Preprocessing Framework for Twitter Bot Detection

Kantepe M., GANİZ M. C.

2017 International Conference on Computer Science and Engineering (UBMK), Antalya, Türkiye, 5 - 08 Ekim 2017, ss.630-634 identifier

  • Yayın Türü: Bildiri / Tam Metin Bildiri
  • Basıldığı Şehir: Antalya
  • Basıldığı Ülke: Türkiye
  • Sayfa Sayıları: ss.630-634


One of the important problems in social media platforms like Twitter is the large number of social bots or sybil accounts which are controlled by automated agents, generally used for malicious activities. These include directing more visitors to certain websites which can be considered as spam, influence a community on a specific topic, spread misinformation, recruit people to illegal organizations, manipulating people for stock market actions, and blackmailing people to spread their private information by the power of these accounts.
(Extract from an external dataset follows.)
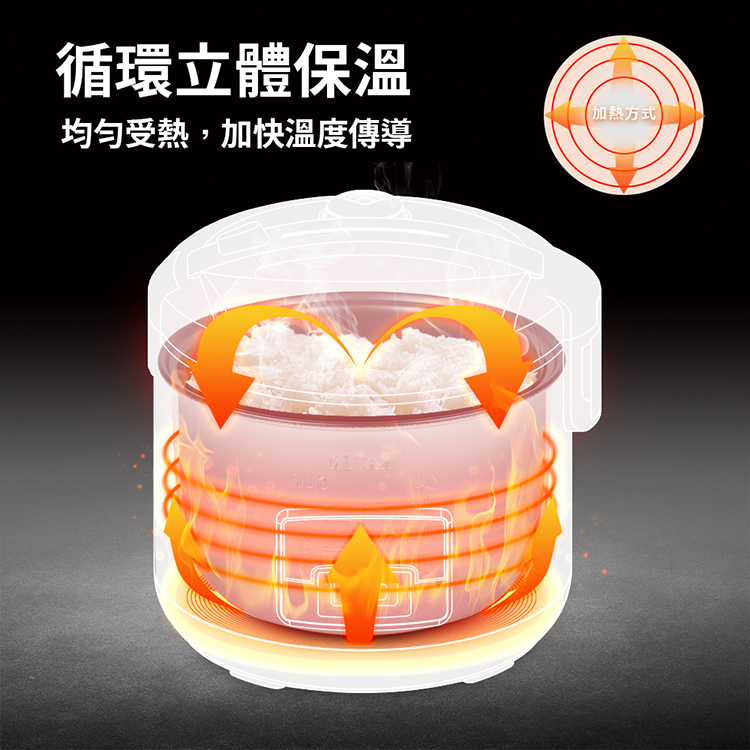 • 均勻受熱直達米芯,鎖住水分與新鮮

Consequently, social hot detection is of great importance to keep people safe from these harmful effects. In this study, we approach the social hot detection on Twitter as a supervised classification problem and use machine learning algorithms after extensive data preprocessing and feature extraction operations. Large number of features are extracted by analysis of Twitter user accounts for posted tweets, profile information and temporal behaviors. In order to obtain labeled data, we use accounts that are suspended by Twitter with the assumption that majority of these are social hot accounts. Our results demonstrate that our framework can distinguish between hot and normal accounts with reasonable accuracy.